21st century American politician (born 1976)

Melissa Amy Ratcliff (' Larsen; born November 1976) is an American Democratic politician from Cottage Grove, Wisconsin. She is a member of the Wisconsin Senate, representing Wisconsin's 16th Senate district since 2025. She previously served in the Wisconsin State Assembly, representing the 46th Assembly district during the 2023-2024 term. Before being elected to the Legislature, she served six years as a member of the Dane County Board of Supervisors and four years on the Cottage Grove village board.

==Biography==
Melissa Ratcliff was born Melissa Larsen in Green Bay, Wisconsin and was raised in Wausau, Wisconsin. She graduated from Wausau East High School in 1995. She earned her paralegal certification from Madison Area Technical College and was a paralegal for 24 years at Eisenberg Law Offices in Madison, Wisconsin.

==Political career==

In the Spring of 2018, Ratcliff won her first public office when she was elected to the Cottage Grove village board. Later that year, in the summer of 2018, incumbent Dane County board member Danielle Williams resigned her seat in order to accept a job as a lobbyist for the county government. The Dane County board chair, Sharon Corrigan, chose Ratcliff from a number of applicants to fill out the remainder of Williams' term, and Ratcliff's selection was ratified by a vote of the county board on September 6, 2018. She was subsequently elected in spring of 2019 to finish the term, elected to a full term on the board in the 2020 Spring election and was re-elected in 2022.

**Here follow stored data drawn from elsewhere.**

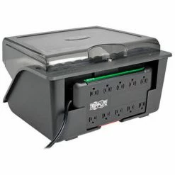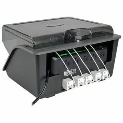 Devices fit into slots 1.25 inches wide. Their AC adapters plug into the 10 widely spaced NEMA 5-15R outlets as needed for proficient charging. The devices are protected by 2,880 joules of surge suppression and EMI/RFI noise filtering that protect against potentially harmful bursts in voltage. Diagnostic LEDs let you know that the charging station is grounded and the connected devices protected. An auto-shutoff feature cuts off power to the outlets in case of a power spike.
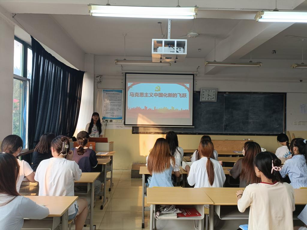 6月21日,商务外语系组织49学员代表在博学楼D310开展“青马工程”第九课,本次课程通过解读马克思主义中国化的飞跃来传承党的精神。由20级团总支负责人主讲 。
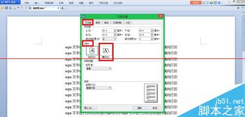 4、在页面设置对话框中,选择“页面距”,再选择“方向”,在方向里选择“纵向”。
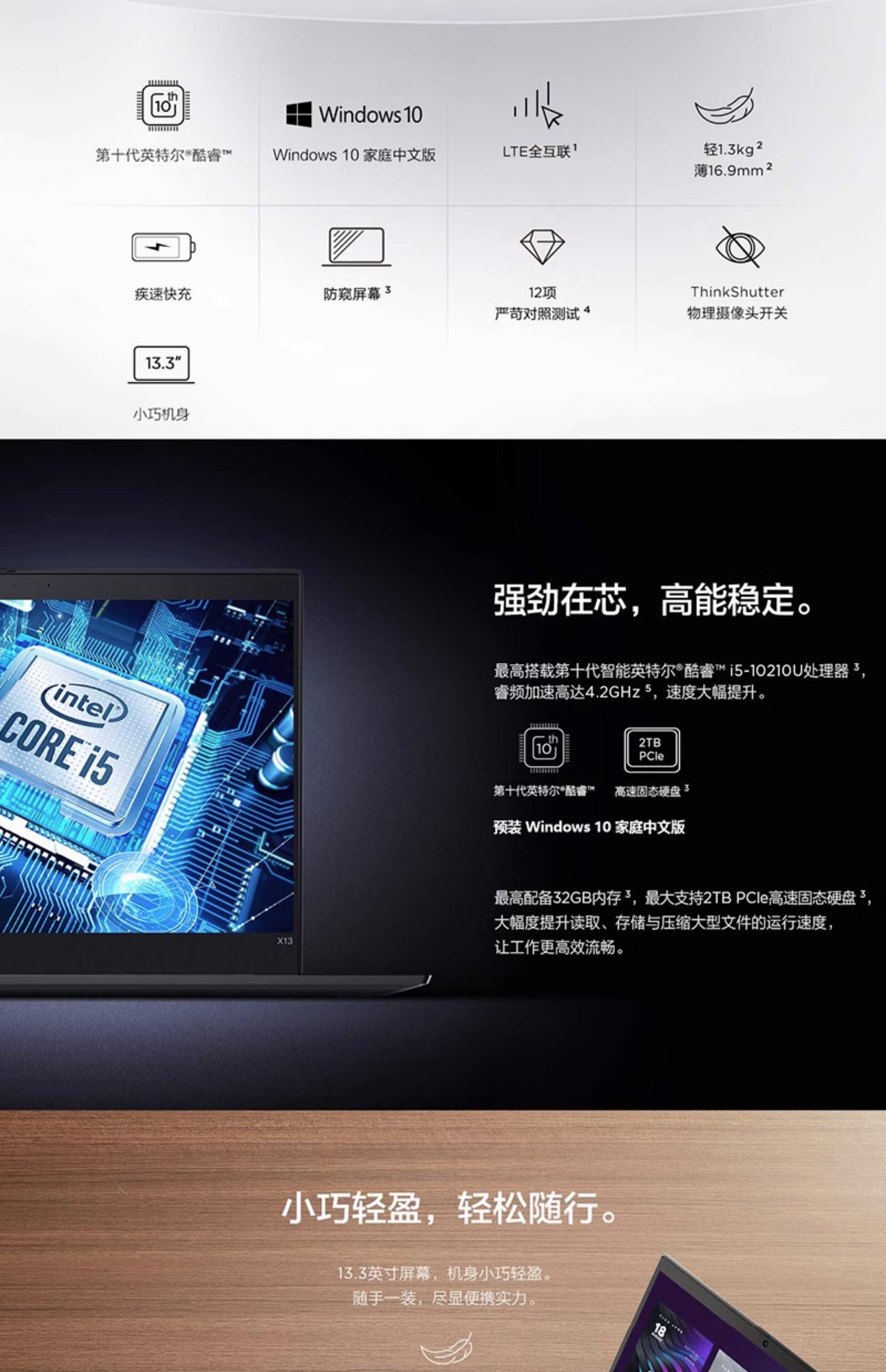 ThinkPad Lenovo, легкий и тонкий ноутбук, x13, x390, 2022, 13.3 дюймов
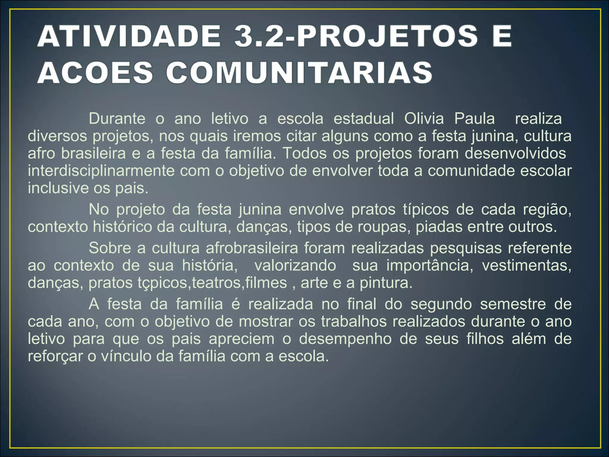 A escola estadual Olivia Paula realiza diversos projetos culturais e de envolvimento comunitário durante o ano letivo, incluindo uma festa junina, um projeto sobre cultura afro-brasileira e uma festa da família, todos desenvolvidos de forma interdisciplinar para envolver pais e alunos.
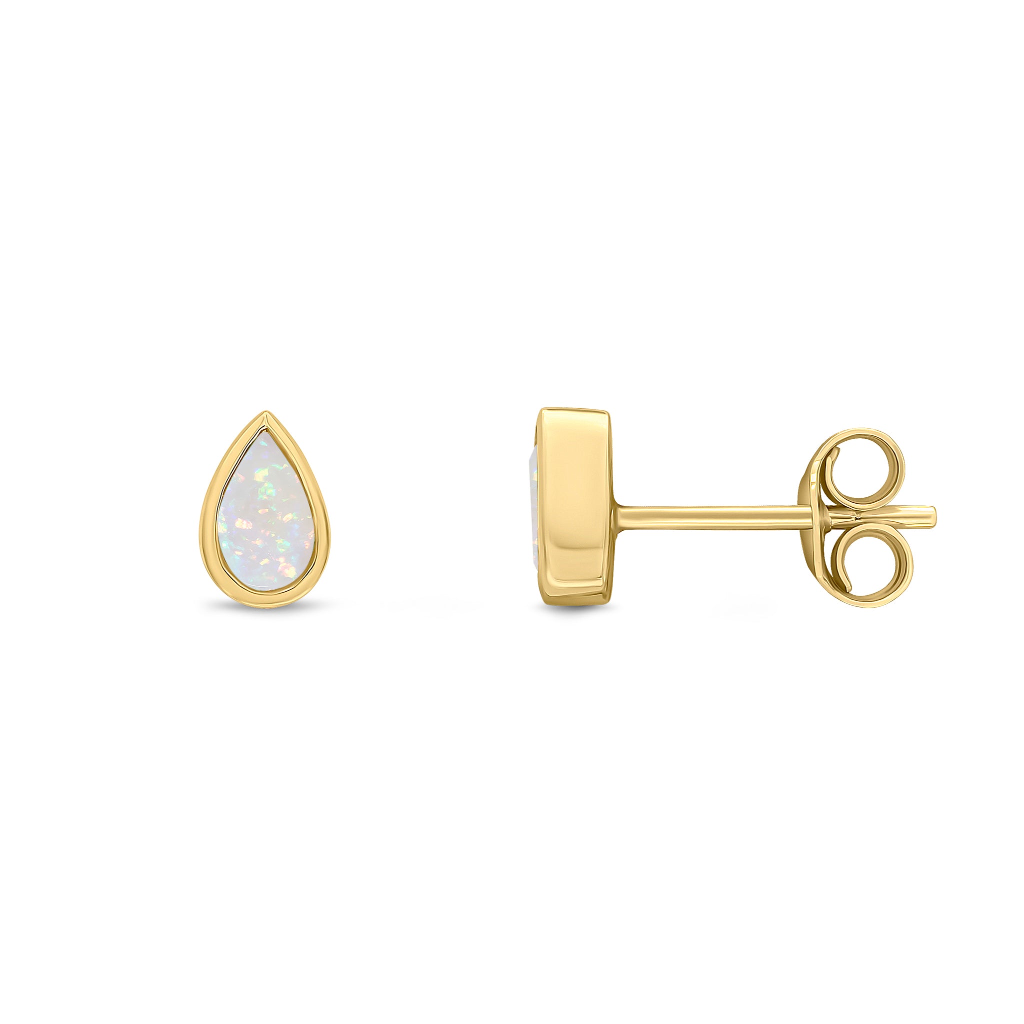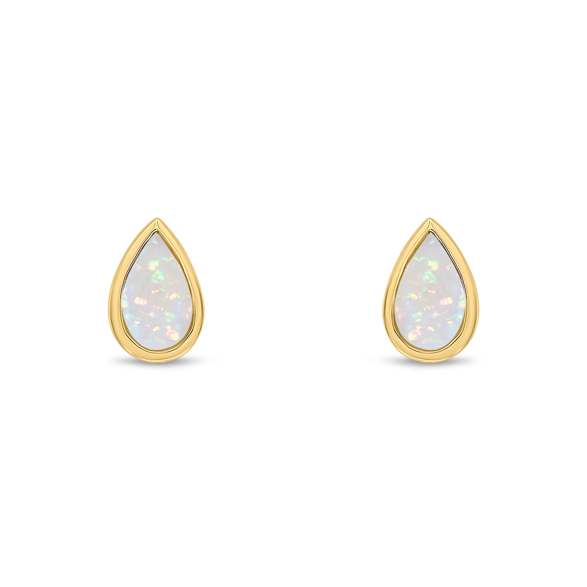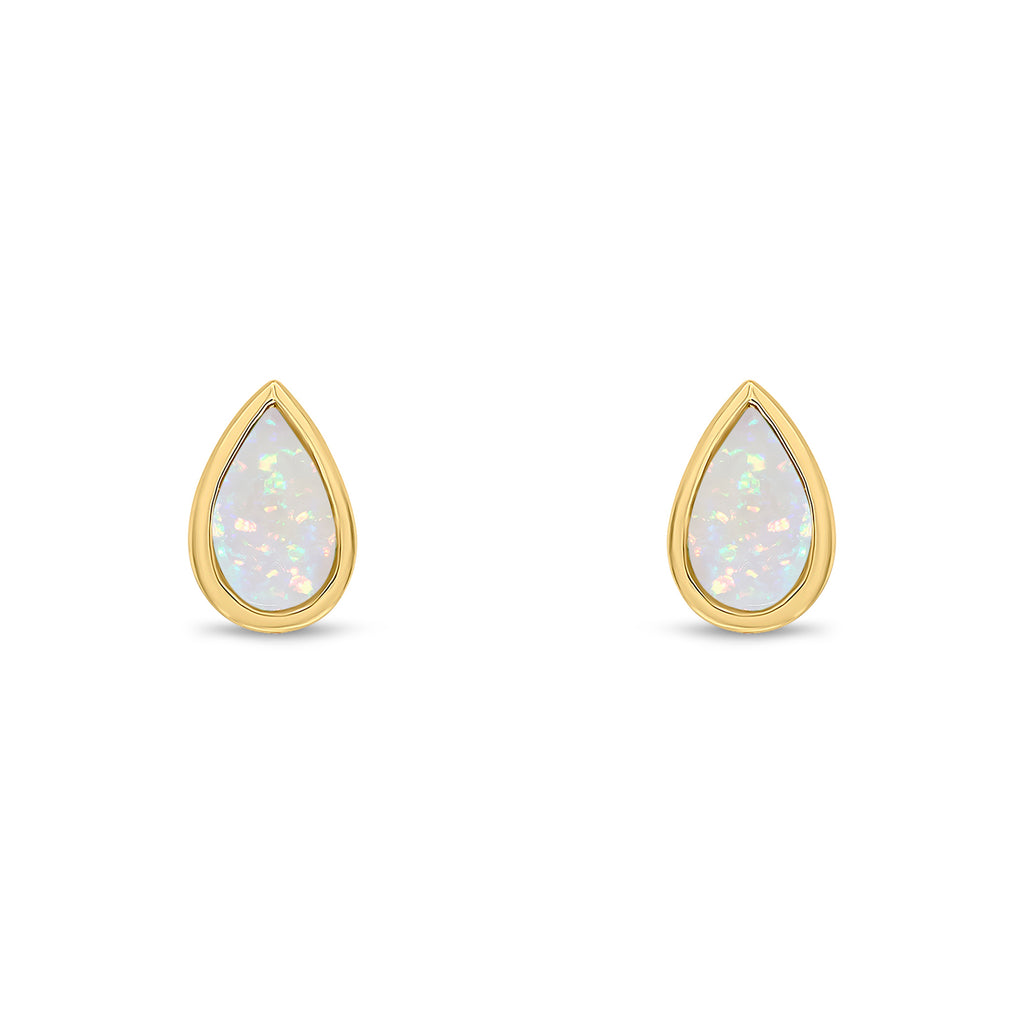 9CT Yellow Gold Pear Shaped Opal Rubover Stud Earrings 5x3mm
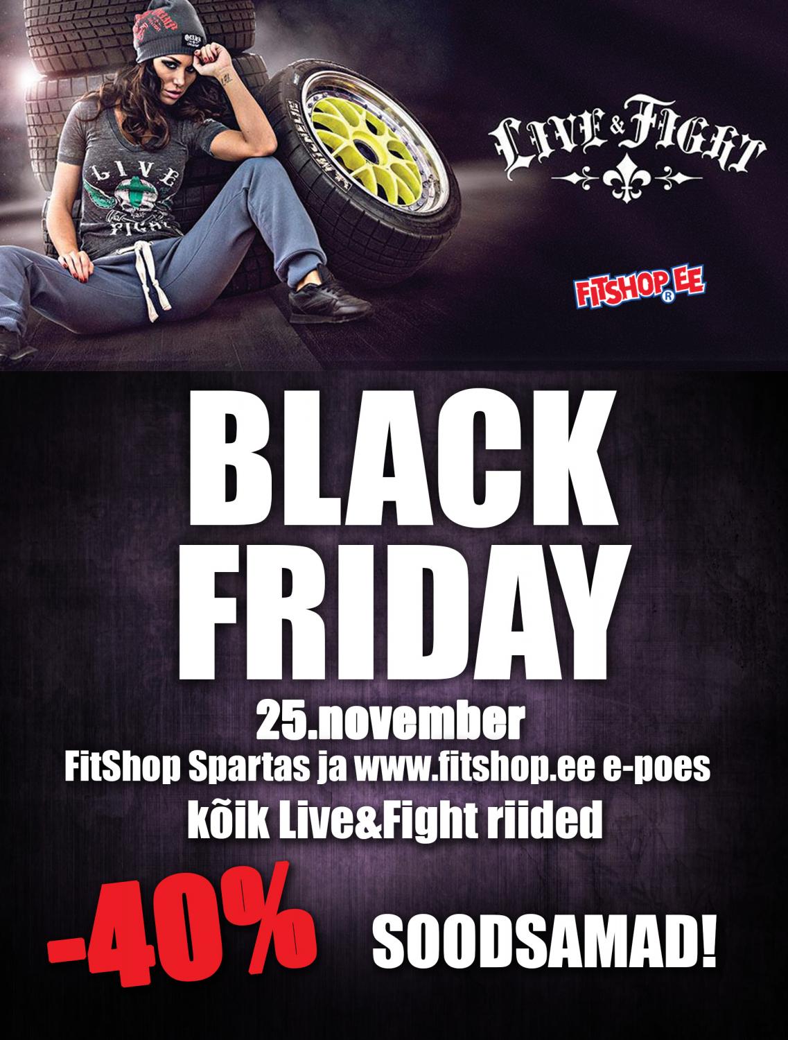 MemberKäest ta ongi – kauaoodatud supersoodustustega BLACK FRIDAY! Fitshop Spartas ning veebipoes on kogu Live&Fight meeste kui ka naiste riided -40% soodsama hinnaga!
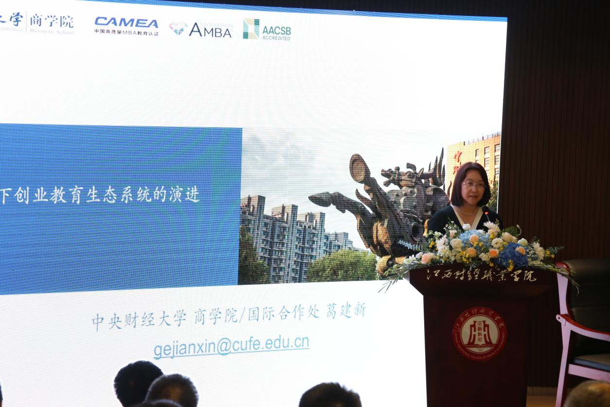江西財(cái)經(jīng)大學(xué)創(chuàng)業(yè)教育學(xué)院院長(zhǎng)梅小安在“井岡精神鑄魂 雙創(chuàng)教育賦能”主旨演講中以江西財(cái)經(jīng)大學(xué)國(guó)家級(jí)雙創(chuàng)基地建設(shè)經(jīng)驗(yàn)為主要內(nèi)容,介紹了學(xué)校在創(chuàng)新創(chuàng)業(yè)人才培養(yǎng)過(guò)程中以井岡山精神鑄魂,在人才培養(yǎng)、教育模式、課程建設(shè)、教材編寫、實(shí)踐教學(xué)、教育服務(wù)、文化環(huán)境等方面取得的階段性成果。

Just after the Spring 2022 election, incumbent state representative Gary Hebl announced he would retire after nine terms in the Assembly. Within hours of his announcement, Ratcliff entered the race for the Democratic nomination in Hebl's 46th Assembly district. Ultimately, four other candidates would also join the Democratic primary contest in the heavily Democratic district. Ratcliff centered her experience with local and county government, and ultimately prevailed in the primary with 36% of the vote. Her opponent in the general election was Andrew McKinney, whom she had earlier defeated in the April 2022 county board election. She ultimately won 70% of the vote in the general election.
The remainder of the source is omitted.